Infectious complications are among the foremost causes of morbidity and mortality in hemodialysis patients. The risk for infection results from both impaired immune function related to the renal failure (e.g., altered granulocyte function in uremia) and repetitive access of the vasculature across the protective skin barrier. Vascular access is the source of bacteremia in 48% to 73% of infected hemodialysis patients.2

Clinical findings may include fever, hypotension, altered mental status, skin infection at the access site, and severe sepsis. Patients with diabetes may have ketoacidosis. The differential diagnosis of the various clinical findings in hemodialysis patients is described in Table 116.1.

Table 116.1 Differential Diagnosis of Various Clinical Findings in Hemodialysis Patients

CLINICAL FINDING DIFFERENTIAL DIAGNOSIS AND CRITICAL ACTIONS
Hypotension

Altered mental status

Chest pain

Shortness of breath

Bleeding Fever

Antimicrobial therapy for potential infections related to hemodialysis access (whether catheter or graft) should cover gram-positive species, including methicillin-resistant Staphylococcus aureus (MRSA) and gram-negative species. Gram-positive species account for up to two thirds of cases of hemodialysis access–related bacteremia. Enterococcus and gram-negative rods are also frequently implicated. Broad-spectrum antibiotic coverage should be initiated empirically until the results of culture are available, especially in patients who have a history of gram-negative bacteremia or who may be septic from a secondary source. The recommended regimen is 1 g of vancomycin intravenously (with sequential doses according to the level of the drug at dialysis) plus gram-negative coverage with either an aminoglycoside or a third-generation cephalosporin.

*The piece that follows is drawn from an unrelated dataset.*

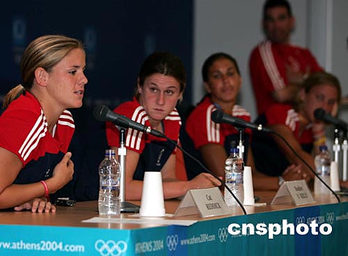 雅典奧運(yùn)會(huì)女足金牌大熱門(mén)美國(guó)的四名隊(duì)員,當(dāng)?shù)貢r(shí)間8月5日下午在雅典奧運(yùn)會(huì)新聞發(fā)布會(huì)亮相,后衛(wèi)隊(duì)員CAT REDDICK強(qiáng)調(diào):奪取本屆奧運(yùn)會(huì)的女足金牌并不是唯一的目的,參加奧運(yùn)會(huì)本身就令人激動(dòng)不已。中新社記者:任晨鳴

Removal or exchange of an infected catheter is advisable because a bacterial biofilm can form rapidly in the lumens of most indwelling central venous catheters and serve as a source of continued infection. Systemic antibiotics given alone are relatively ineffective in eradicating infection if the catheter is not removed. There are occasional protocols that have demonstrated catheter salvation, but none have done so reliably. Catheter removal with delayed replacement is required in patients who are clinically unstable, who have metastatic infectious complications, or who have tunnel infections.3 Tunneled catheters can be replaced with temporary nontunneled catheters or can be changed over a guidewire, thus avoiding disruption of the patient’s dialysis schedule.